Angles are measured in degrees, denoted by the symbol $^{\circ}$. A full circle represents a complete turn of $360^{\circ}$. You can visualize a protractor, which is a semi-circle tool marked from $0^{\circ}$ to $180^{\circ}$, used to measure these turns.

A Right Angle measures exactly $90^{\circ}$. Visually, it looks like the perfect corner of a square, the letter 'L', or the meeting point of a vertical wall and a horizontal floor. It is often marked with a small square icon at the vertex instead of a curve.

An Acute Angle is any angle that measures more than $0^{\circ}$ but less than $90^{\circ}$. These angles appear 'sharp' or narrow. Imagine a partially opened pair of scissors, the tip of a sharpened pencil, or a thin slice of pizza.

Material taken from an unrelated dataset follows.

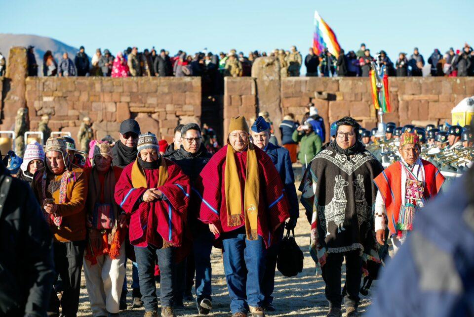 La autoridad hizo las declaraciones tras recibir los primeros rayos del sol en el templo de Kalasasaya, del ancestral municipio de Tiwanacu, ubicado a 70 kilómetros de la ciudad de La Paz, acompañado por el vicepresidente del Estado, David Choquehuanca; la ministra de Culturas, Esperanza Guevara; y el presidente de la Cámara de Diputados, Omar Yujra; además de las autoridades regionales y de las organizaciones sociales.

An Obtuse Angle is an angle that measures more than $90^{\circ}$ but less than $180^{\circ}$. These angles look 'wide' or blunt. Visually, think of a laptop screen pushed back beyond the upright position or the wide spread of a hand fan used on a hot day.

A Straight Angle measures exactly $180^{\circ}$. This angle looks exactly like a straight line. Imagine stretching a piece of string tight between two hands; the angle at any point along that straight string is $180^{\circ}$.

Angles are frequently found in clock hands: at $3:00$, the hands form a Right Angle ($90^{\circ}$); at $1:00$, they form an Acute Angle ($30^{\circ}$); and at $4:00$, they form an Obtuse Angle ($120^{\circ}$).

The size of an angle depends only on the opening between the two arms, not on the length of the arms themselves. Extending the rays of a $45^{\circ}$ angle does not change its measurement; it remains an acute angle.